**Data extracts:**
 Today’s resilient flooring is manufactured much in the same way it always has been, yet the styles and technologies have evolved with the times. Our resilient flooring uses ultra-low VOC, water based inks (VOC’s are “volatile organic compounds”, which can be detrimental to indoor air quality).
--
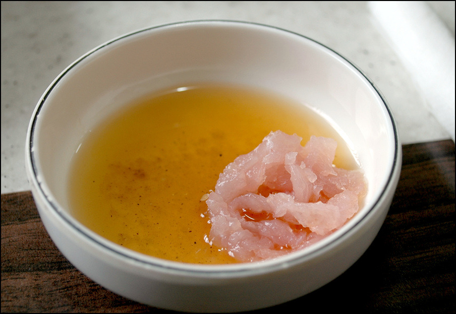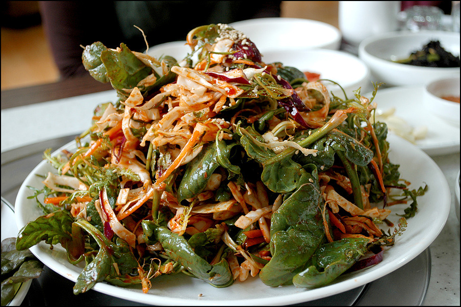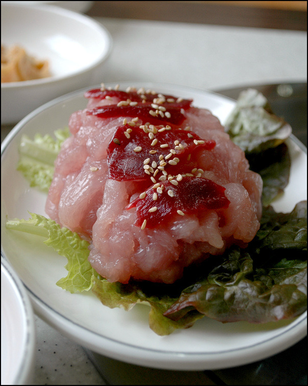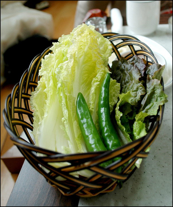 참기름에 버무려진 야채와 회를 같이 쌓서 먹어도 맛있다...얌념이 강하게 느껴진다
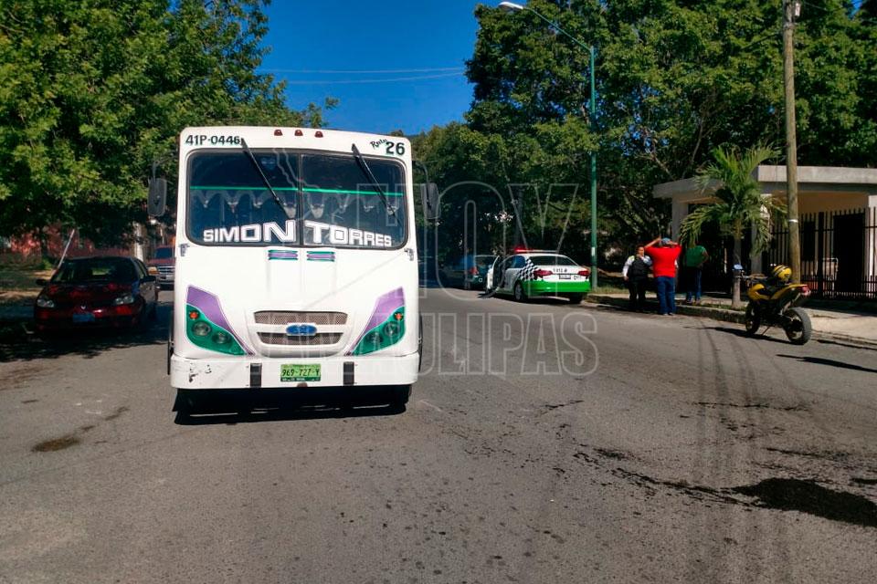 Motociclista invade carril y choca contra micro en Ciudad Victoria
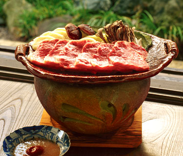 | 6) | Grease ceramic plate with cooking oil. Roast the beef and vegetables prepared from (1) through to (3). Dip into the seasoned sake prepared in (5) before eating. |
==
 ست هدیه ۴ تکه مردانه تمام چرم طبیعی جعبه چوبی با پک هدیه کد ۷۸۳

**Assigned task:** Working from the records above, set down word for word everything from the line containing "참기름에 버무려진 야채와" down to the line containing "before eating. |", ends included, minus the pictures.

**Answer below:**
 참기름에 버무려진 야채와 회를 같이 쌓서 먹어도 맛있다...얌념이 강하게 느껴진다
 Motociclista invade carril y choca contra micro en Ciudad Victoria
 | 6) | Grease ceramic plate with cooking oil. Roast the beef and vegetables prepared from (1) through to (3). Dip into the seasoned sake prepared in (5) before eating. |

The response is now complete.